Nombreux sont ceux qui sont saisis par le blues du dimanche lorsqu'ils pensent à la semaine à venir. Doivent-ils s'inquiéter, et s'attendre à des problèmes plus profonds?
Vetsch: Je ne pense pas, beaucoup de gens connaissent ce phénomène, et cela a à voir avec le changement de rôle. La personne qui passe du temps en famille le week-end est différente de celle qui doit être au travail le lundi. Le travail devient dangereux pour le salut de l'âme lorsqu'il éclipse tout le reste. Quand il n'est plus possible de bien dormir, par exemple. Quand vous vous sentez attaqué de tous les côtés.

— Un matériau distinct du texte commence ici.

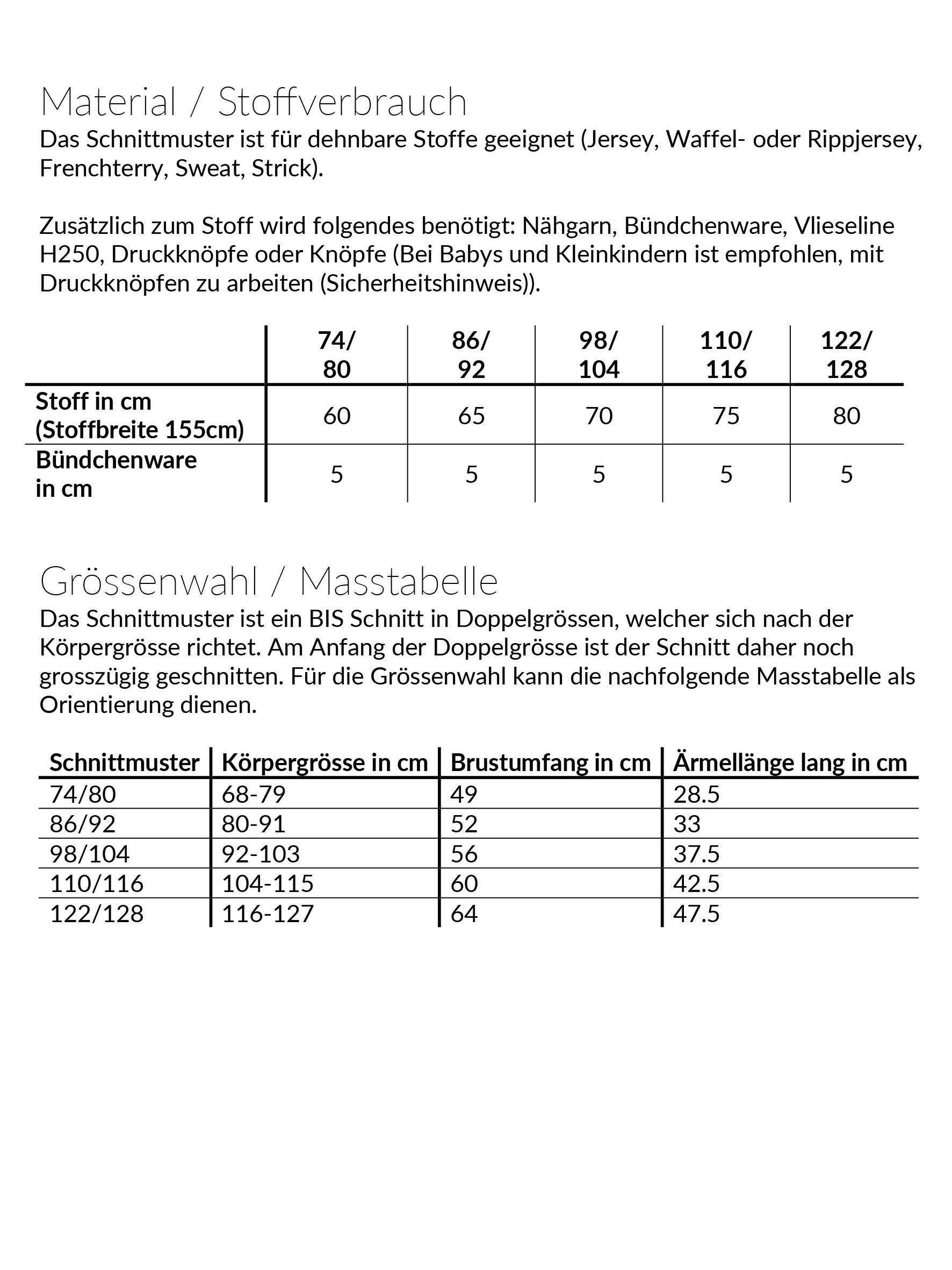 - Stoffempfehlung: French Terry, Sweat, Jersey, Ripp- und Waffeljersey etc.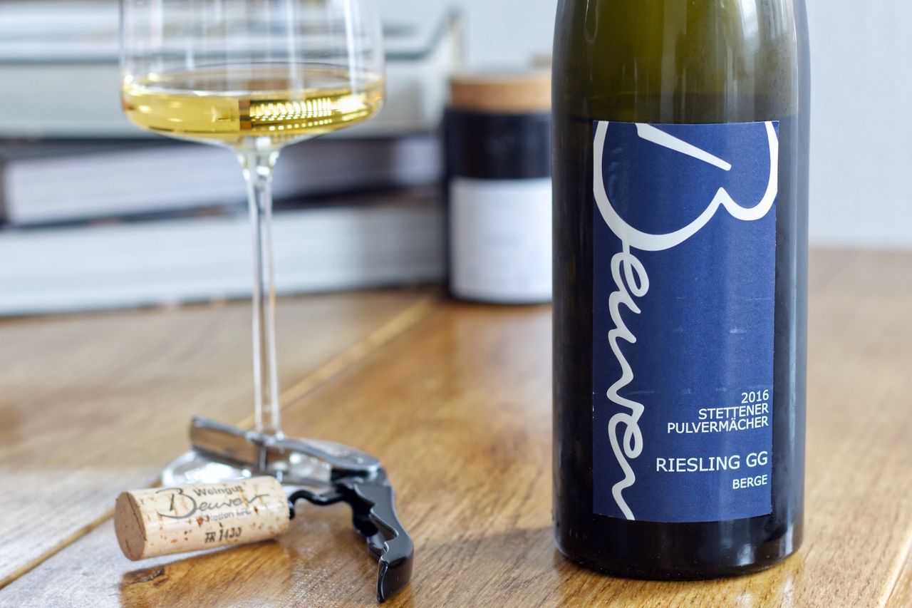 Wir trinken aus dem schönen Remstal eine Flasche Stettener Pulvermächer Riesling GG vom Weingut Beurer aus dem Jahr 2016.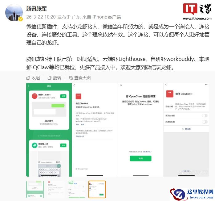 注意到,腾讯公司公关总监张军今日发文回应了“微信新增 ClawBot 插件”。他表示,微信当年所努力的,就是成为一个连接人、连接设备、连接服务的工具。这个理念依然有效。这个连接,可以方便每个人更好地管理自己的龙虾。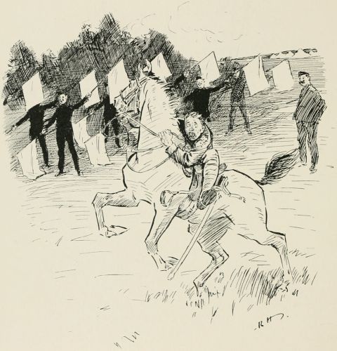 Wednesday.—Something about living in the open that has a very stimulating effect upon one. Made quite an excellent breakfast. The Adjutant gave a most interesting lecture on outpost work before we started; he mentioned several points that I don't mind confessing had slipped my memory. I feel sure, with a little careful instruction, the efficiency of the Volunteer Force would be enormously increased. Must refer to it in the House on earliest opportunity. Did an attack with the Brigade this afternoon; very disappointing. Up to certain stage everything went well, but, as attack developed, got in some way mixed up with the Blankshires, who were, undoubtedly, far out of their proper line. Had slight argument with their C.O. Dear old chap, of course, but absolutely pig-headed. Would not see my point. G.O.C.'s remarks rather uncalled for, under the circumstances. Had to speak to several of the company officers about letting their men get out of hand. The various Adjutants seem to regard the matter with an amount of levity which I don't altogether approve of. Mess very uproarious to-night; most unnecessarily so in my opinion. Heard afterwards one of the subalterns had given a lecture on "Tactics, as he understood them."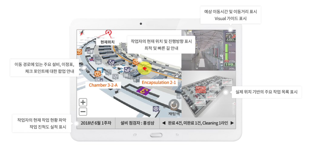 3D 시설물 관리 MAP과 증강현실 기술을 접목하여 생산 현장의 Mobile 기반의 Smart Work 환경을 제공합니다.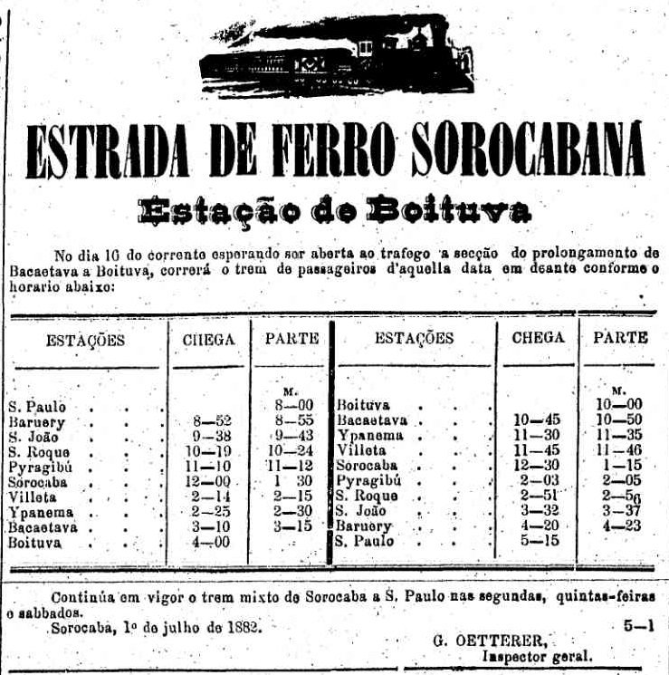 ACIMA: Horário dos primeiros trens para Boituva em 1882, a partir de 10 de julho: eram oito horas de viagem entre São Paulo e Boituva - CLIQUE SOBRE A FIGURA PARA VÊ-LA EM TAMANHO MAIOR) (A Provincia de S. Paulo, 05/07/1882).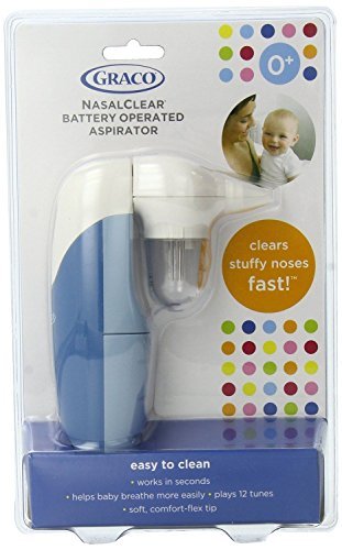 -. Binding : Baby Product -. Brand : Graco -. EAN : 0802711627398 -. Feature : 12 different children's tunes while in use, help divert your child and comfort her while clearing her nasal passages / Battery operation lets you control the suction you maintain the suction or release it as needed / Soft, flexible silicone tips make it gentle and comfortable to use even on a newborn baby / Silicone tip for different nostril shapes and different types of congestion / Clear plastic collection cup helps you evaluate your baby's level of congestion -. Label : Graco -. Manufacturer : Graco -. ProductGroup : Baby Product -. ProductTypeName : BABY_PRODUCT -. Publisher : Graco -. Studio : Graco -. Title : Graco Newborn Baby Nasalclear Nostril Suction Nasal Aspirator Soft, Flexible -. UPC : 802711627398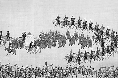 展品中有一件出自内地藏家的画卷十分引人注目——金昆、郎世宁的《大阅图》卷。据了解,乾隆登基后定下每三年大阅一次的制度,并于1746年下旨任命以金昆为首的十位宫廷画家绘制《大阅图》,分为“幸营”、“列阵”、“阅阵”和“行阵”四卷。目前,所知《大阅图》存世仅两卷。第二卷“列阵”藏于北京故宫博物院,本次展出的为第三卷“阅阵”,描绘的是乾隆亲临阵中检阅的盛况,为绝世孤品。
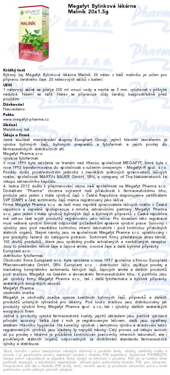 Výrobce: MEGAFYT PHARMA S.R.O. , VRANÉ NAD VLTAVOU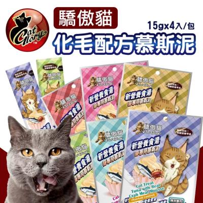 商品名稱:Cat Glory 驕傲貓化毛配方慕斯泥(貓專用) 4條/包 貓肉泥 貓咪點心 6種口味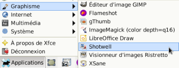 Sous un environnement Xfce, Shotwell est classé sous la rubrique Graphisme du menu des applications :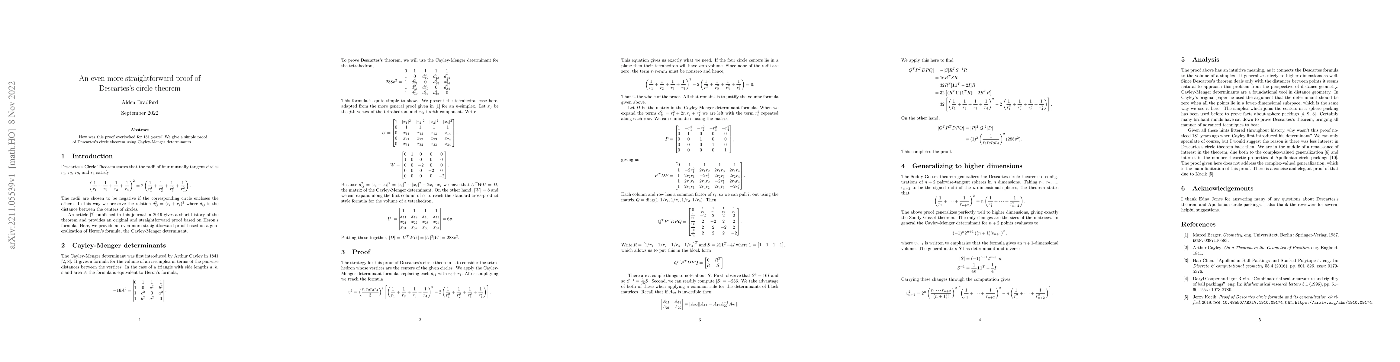 Summary: This paper presents a straightforward proof of Descartes's circle theorem utilizing Cayley-Menger determinants, addressing why this simpler approach was overlooked for nearly two centuries.

Bleisch : La formule cruciale du bonheur au travail semble être que vous vous sentiez mis au défi sans être submergé. Je peux toujours apprendre quelque chose et vivre des expériences, mais je ne me sens pas submergé par les nouveautés et je peux m'appuyer sur ce que j'ai appris. Dans la mesure du possible, les employeurs doivent mettre au défi chaque individu sans le surcharger. Un autre point important est le temps libre. Cela nous rend tous heureux de réaliser des rêves et de poursuivre nos propres désirs pendant un certain temps. Par exemple, j'aimerais passer deux mois à faire de la randonnée en Laponie - une fois que les enfants seront plus grands. Les bons employeurs accordent des congés. Peut-être que tout le monde ne revient pas, mais la plupart le font. Et ils le font avec une grande motivation.
Vetsch : Vous regrettez les choses que vous n'avez pas faites. Bien plus que les risques que vous avez pris. Quel que soit le résultat. Vous pouvez en tirer parti au lieu de rester immobile et de vous reprocher de n'avoir rien tenté. Chacun de nous est un petit explorateur et un aventurier.